## AIM OF THE EXERCISE:
Here is the task for the listing below: output exactly the lines from the one containing "Kadın Siyah Zincir" through the one containing "Adobe, Carahsoft, and", and leave out the pictures.

## EXTRACTED INFORMATION:
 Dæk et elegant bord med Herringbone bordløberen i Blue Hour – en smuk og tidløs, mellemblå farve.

==

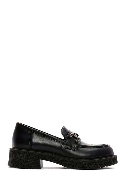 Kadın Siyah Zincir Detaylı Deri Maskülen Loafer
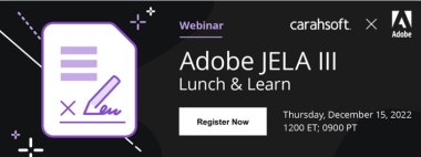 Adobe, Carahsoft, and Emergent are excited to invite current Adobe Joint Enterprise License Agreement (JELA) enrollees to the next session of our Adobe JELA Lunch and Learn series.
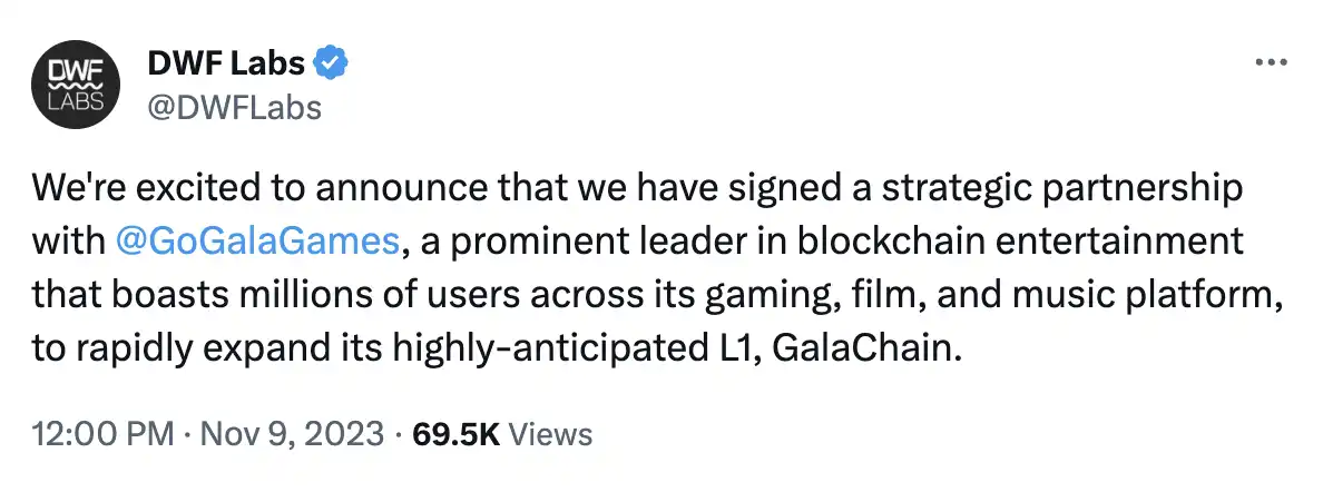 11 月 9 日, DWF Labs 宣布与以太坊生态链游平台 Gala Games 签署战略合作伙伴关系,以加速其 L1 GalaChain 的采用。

## RESPONSE BELOW:
 Kadın Siyah Zincir Detaylı Deri Maskülen Loafer
 Adobe, Carahsoft, and Emergent are excited to invite current Adobe Joint Enterprise License Agreement (JELA) enrollees to the next session of our Adobe JELA Lunch and Learn series.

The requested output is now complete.